= WHAT YOU HAVE TO DO =
Each line of the material must be repeated precisely, with the pictures left out.

--------

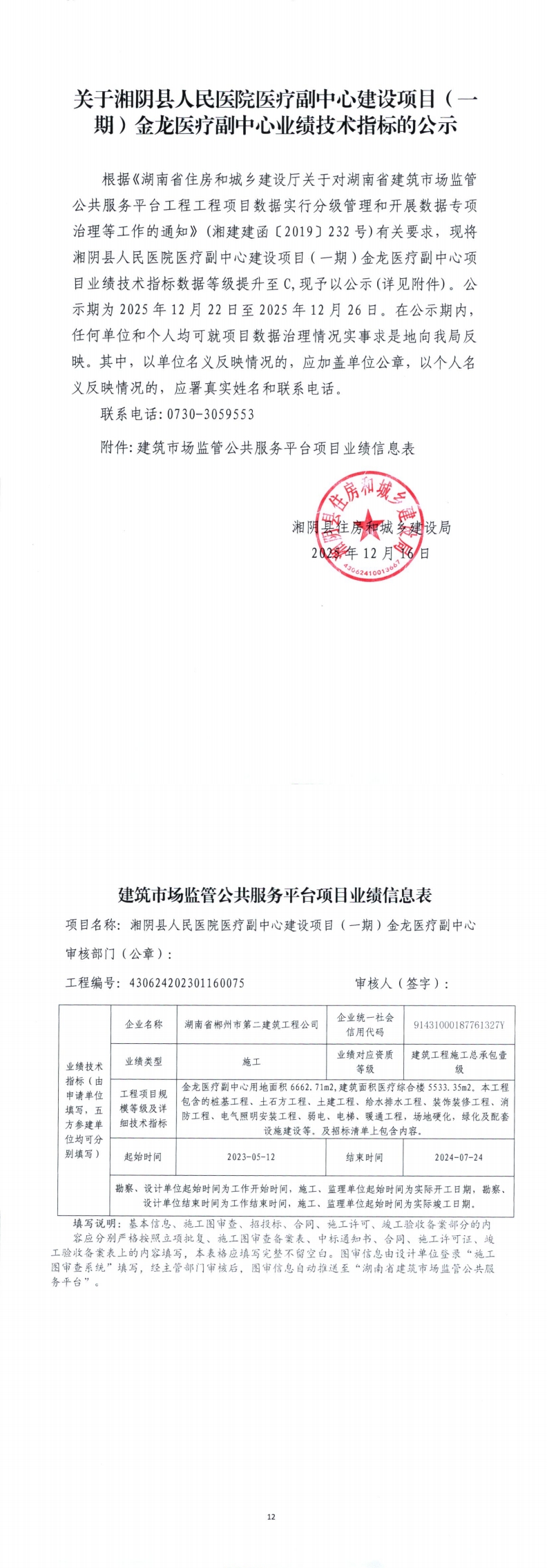 关于湘阴县人民医院医疗副中心建设项目(一期)金龙医疗副中心业绩技术指标的公示
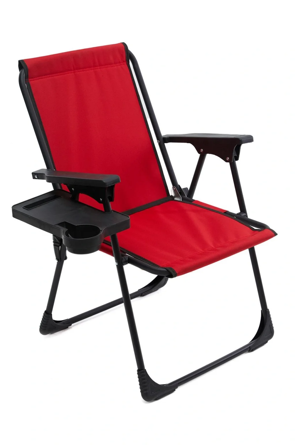 Genel Ürün Tekli Natura Kamp Sandalyesi Katlanır Piknik Sandalye Dikdörtgen Bardaklıklı Kırmızı Spor Tek Kişil
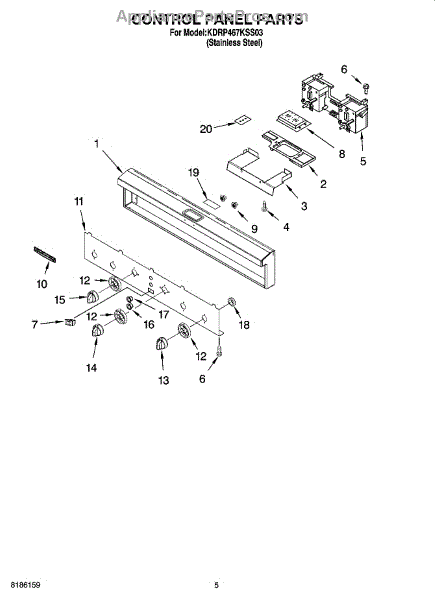 Control knob for range selector dial. Installs on the control panel to replace worn, cracked, broken, or missing knobs. Restores grip and detent feedback.
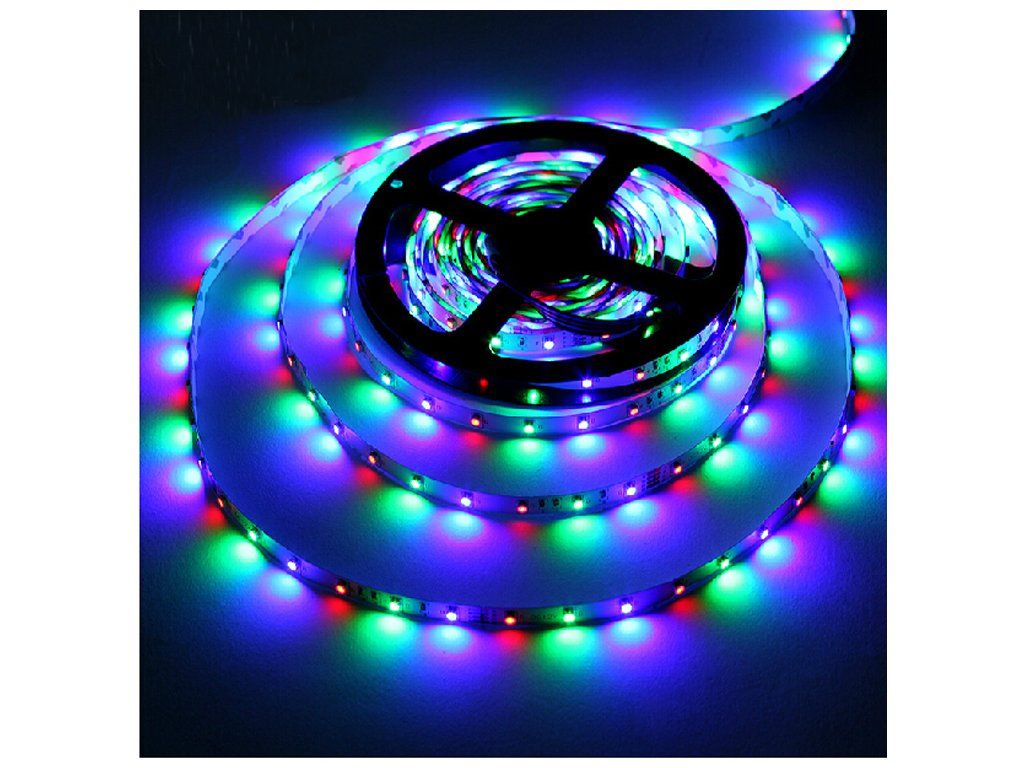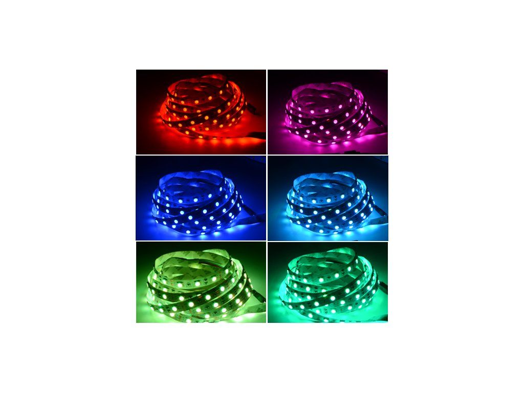 Led pásek dokáže střídat barvy,nebo svítit jakoukoliv barvou.
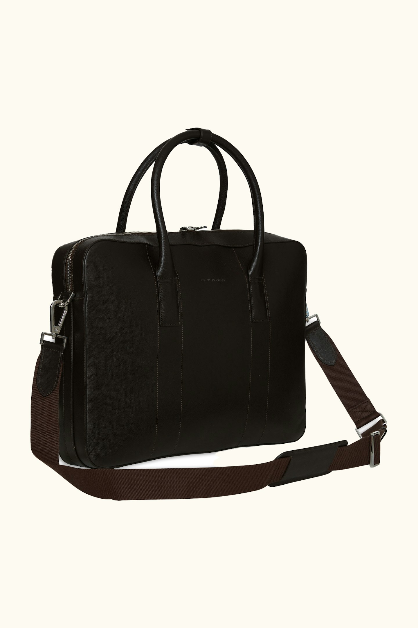 Håndlavet Briefcase i spansk Saffiano-læder, fremstillet i Almansa-regionen, hvor der er en lang tradition for læderarbejde. Tasken har fire indvendige rum, plads til vores laptop-etui og leveres med en tilhørende justerbar skulderrem. Tasken er designet til at rumme det, du har brug for på kontoret, uden at fylde for meget. Mål: 42x7x30 cm

--------

= OUTPUT OF THE TASK =
 关于湘阴县人民医院医疗副中心建设项目(一期)金龙医疗副中心业绩技术指标的公示
 Genel Ürün Tekli Natura Kamp Sandalyesi Katlanır Piknik Sandalye Dikdörtgen Bardaklıklı Kırmızı Spor Tek Kişil
 Control knob for range selector dial. Installs on the control panel to replace worn, cracked, broken, or missing knobs. Restores grip and detent feedback.
 Led pásek dokáže střídat barvy,nebo svítit jakoukoliv barvou.
 Håndlavet Briefcase i spansk Saffiano-læder, fremstillet i Almansa-regionen, hvor der er en lang tradition for læderarbejde. Tasken har fire indvendige rum, plads til vores laptop-etui og leveres med en tilhørende justerbar skulderrem. Tasken er designet til at rumme det, du har brug for på kontoret, uden at fylde for meget. Mål: 42x7x30 cm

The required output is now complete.